Sidney Midwife, one of the blogs I read, had this as her most recent post: Study Showing Abortion-Premature Birth Risk Points to Cerebral Palsy. Since this is National Infant Mortality Awareness Month, and since premature birth increases infant mortality, this newest study has implications for this topic.

When I read about the study, I read the article, and then decided to find the abstract. Since the article mentioned that the study was published in the BJOG, and mentioned the study’s lead author, I had a good head-start. So, I went to the BJOG website, did a search for the author’s name, and came up with a pod-cast. Then the abstract. Then — wishful thinking! — I clicked on “fulltext,” fully expecting to go to a login screen, where I would have to pay $38 to view the report. What a pessimist realist! But, lo and behold, the full study is available! [Yeah, I’m a nerd — excited about being able to read a full study. :-)]

Here is the abstract:

Background History of induced termination of pregnancy (I-TOP) is suggested as a precursor for infant being born low birthweight (LBW), preterm (PT) or small for gestational age (SGA). Infection, mechanical trauma to the cervix leading to cervical incompetence and scarred tissue following curettage are suspected mechanisms.

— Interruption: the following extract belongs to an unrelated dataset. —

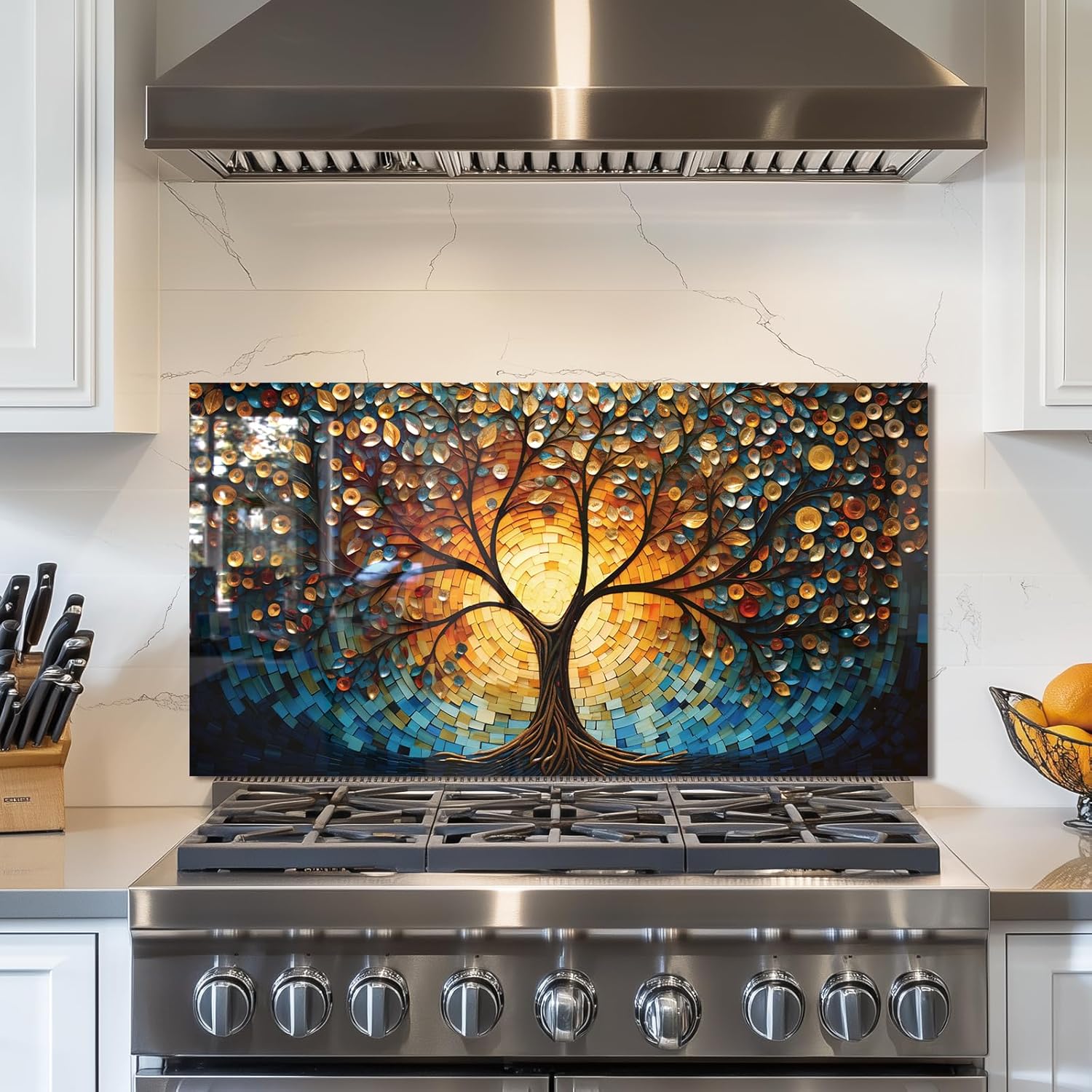 Tempered Glass Tree of Life Kitchen Sink Cover Splash Guard

Objective To systematically review the risk of an infant being born LBW/PT/SGA among women with history of I-TOP.

Search strategy Medline, Embase, CINAHL and bibliographies of identified articles were searched for English language studies.

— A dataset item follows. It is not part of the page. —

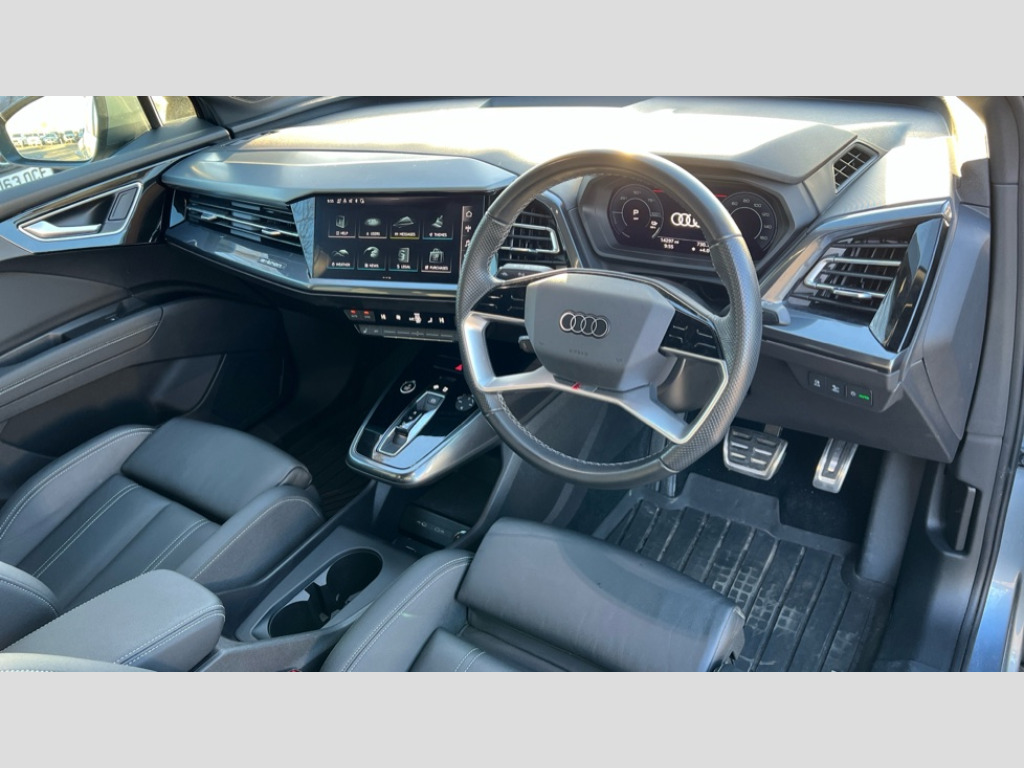 Audi Q4 150kW 40 82kWh S Line 5dr Auto Audi connect safety and service (e-call), Audi drive select, Audi Smartphone Interface with wireless functionality, Audi Virtual Cockpit - 10.25" display, Bluetooth interface, Camera based traffic sign recognition, Lane departure warning system, MMI Navigation Plus with high resolution 11.6 inch touchscreen colour display, Power operated tailgate, Progressive steering, Swerve assist and turn assist, 11KW onboard charger, 135kW DC charging capability, AC and DC charging access point positioned on the rear right, Compact e-tron charging system, Household plug type G (GB), Industry plug CEE 32 A/230 V/6 h/long + straight, Mode 3 AC charging cable 22 kW, Sports suspension with 15mm lower, 2 USB-C ports with charge and data functions, Audi sound system with 8 speakers, DAB Digital radio, 3rd brake light, Acoustic glass windscreen, Body coloured door mirrors, Contrast bumpers in Manhattan grey, Electrically adjustable/heated/folding/auto dimming door mirrors with integrated LED indications + kerb view function for passenger side, Frameless auto dimming interior rear view mirror, LED daytime running lights, Projection light in the exterior mirrors, e-tron logo projected from the underside of the exterior mirror onto the ground, Rear side wing doors, Rear wiper, S line badges on front wings, S line exterior styling, Side and rear window privacy glass, Single frame grille with a structured, closed surface within an octagonal shape, 3 seat bench in 2nd row, 3 zone automatic air conditioning, 4 way electric lumbar support for driver and front passenger, Accent surfaces in gloss black - centre console control panel, switch panel and trim on front doors in gloss black, Auxiliary air conditioning, Black cloth headlining, Comfort front centre armrest, Driver/passenger manual seat height adjustment, Front and rear head restraints, Front door sill trims with aluminium inlay, illuminated with S logo, Front/rear floor mats, Heated front seats, ISOFIX child seat mounting for front passenger and outer rear seats including top tether attachment point of outer rear seats, Single front passenger seat, Stainless steel pedals, Gloss styling pack - Q4 E-tron, Non smoking pack - Q4 E-tron, 3x3 point rear seatbelts, Active vehicle alerting system (AVAS), Driver and front passenger airbag with passenger airbag deactivation, Electric child locks, Front side airbags with head airbags and interaction airbag, Pre-sense front with pedestrian and cyclist detection, Seatbelt warning, Tyre pressure loss indicator, Warning triangle and first aid kit, Anti theft alarm, Anti-theft wheel bolts, Keyless Go, Aluminium look interior elements, Inlay in dark matt brushed aluminium, accent surfaces on instrument panel and centre console trim in chrome paint finish, slate grey, Tool kit

Selection criteria Studies reporting birth outcomes to mothers with or without history of induced abortion were included.

Data collection and analyses Two reviewers independently collected data and assessed the quality of the studies for biases in sample selection, exposure assessment, confounder adjustment, analytical, outcome assessments and attrition. Meta-analyses were performed using random effect model and odds ratio (OR), weighted mean difference and 95% confidence interval (CI) were calculated.

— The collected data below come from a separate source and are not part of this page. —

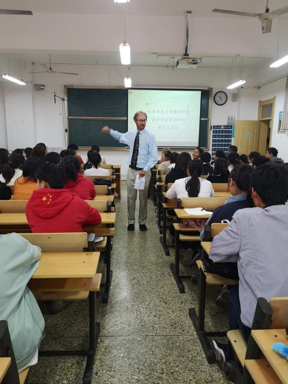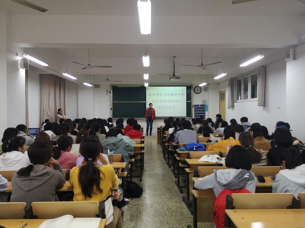 商务英语系2019级新生专业推介会在JC304举行,副院长夏云教授、山东省海外特聘泰山学者刘新新教授、商务英语系专业顾问伊咏教授、系主任刘瑶博士、外教Katie和Danel以及商务英语系的全体教师参加本次推介会,系主任刘瑶主持本次会议。
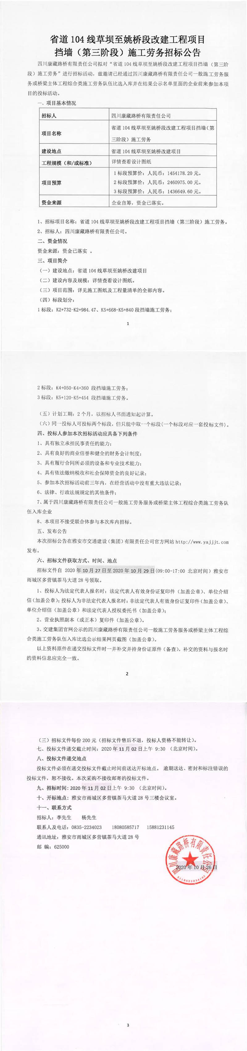 四川康藏路橋有限責(zé)任公司省道104線草壩至姚橋段改建工程項(xiàng)目擋墻(第三階段)施工勞務(wù)招標(biāo)公告
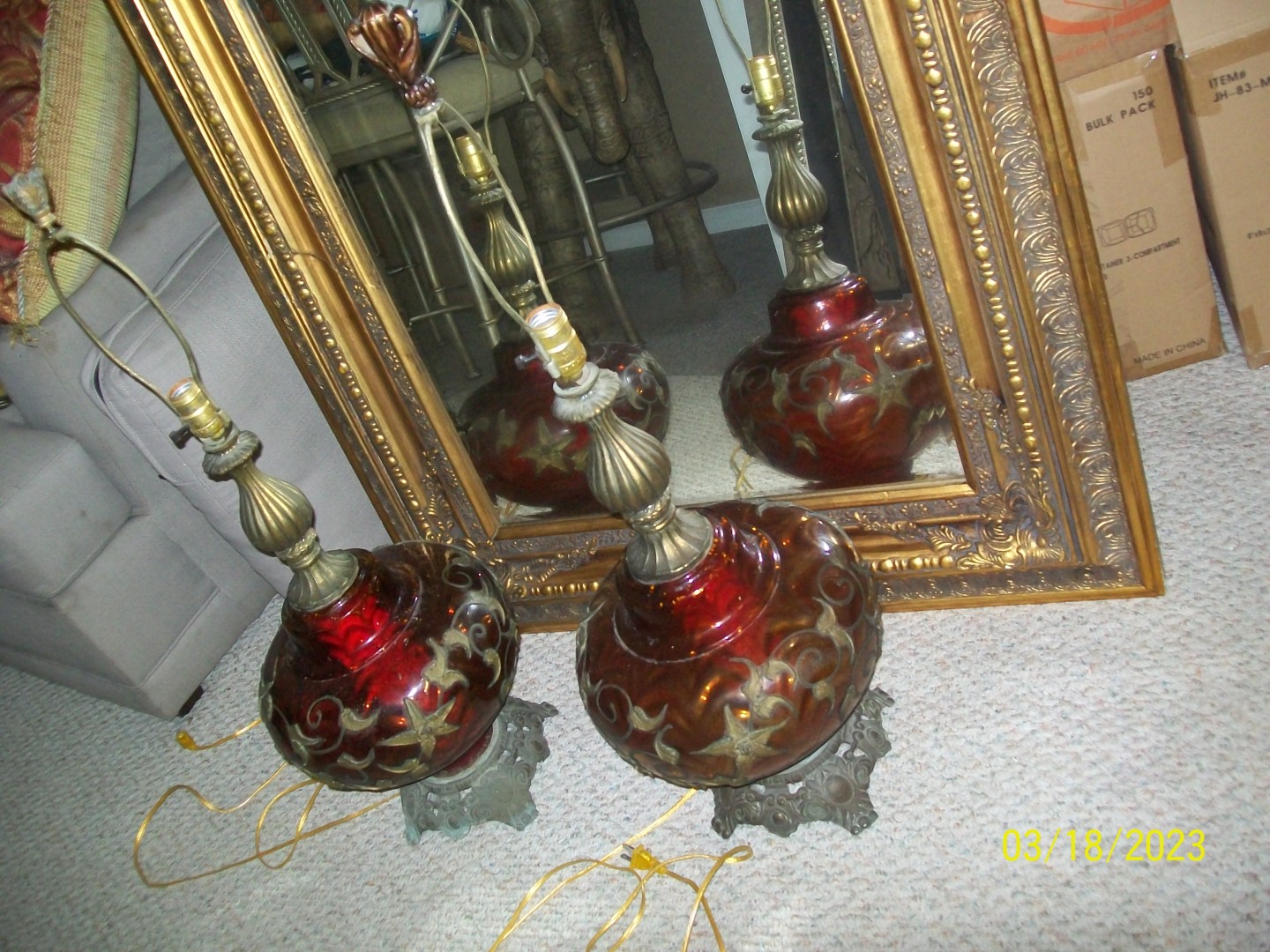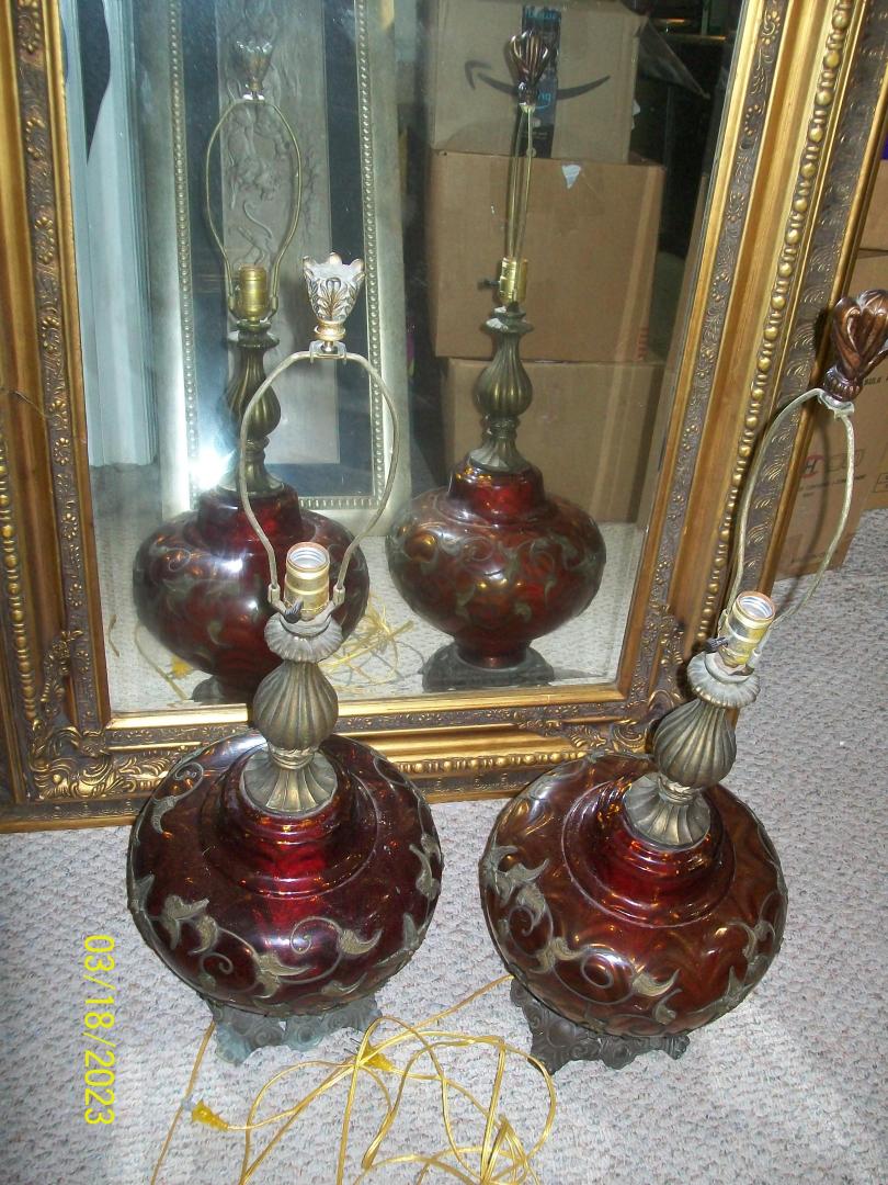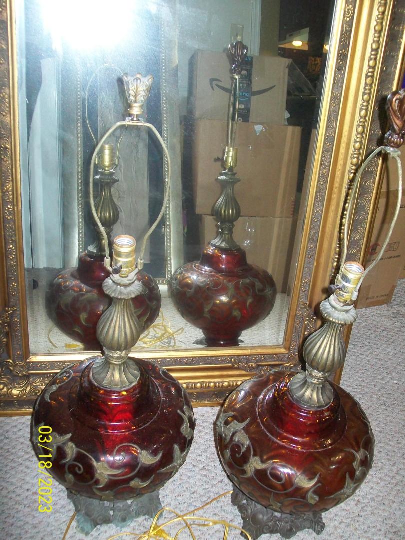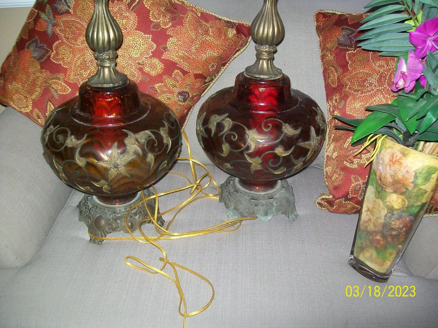 2 Falkenstein #6180 Vintage Hollywood Regency Ruby Red Mid Century Modern Lamps $1111(404)207-9648

Main results Thirty-seven studies of low–moderate risk of bias were included. A history of one I-TOP was associated with increased unadjusted odds of LBW (OR 1.35, 95% CI 1.20–1.52) and PT (OR 1.36, 95% CI 1.24–1.50), but not SGA (OR 0.87, 95% CI 0.69–1.09). A history of more than one I-TOP was associated with LBW (OR 1.72, 95% CI 1.45–2.04) and PT (OR 1.93, 95% CI 1.28–2.71). Meta-analyses of adjusted risk estimates confirmed these findings.

Conclusions A previous I-TOP is associated with a significantly increased risk of LBW and PT but not SGA. The risk increased as the number of I-TOP increased.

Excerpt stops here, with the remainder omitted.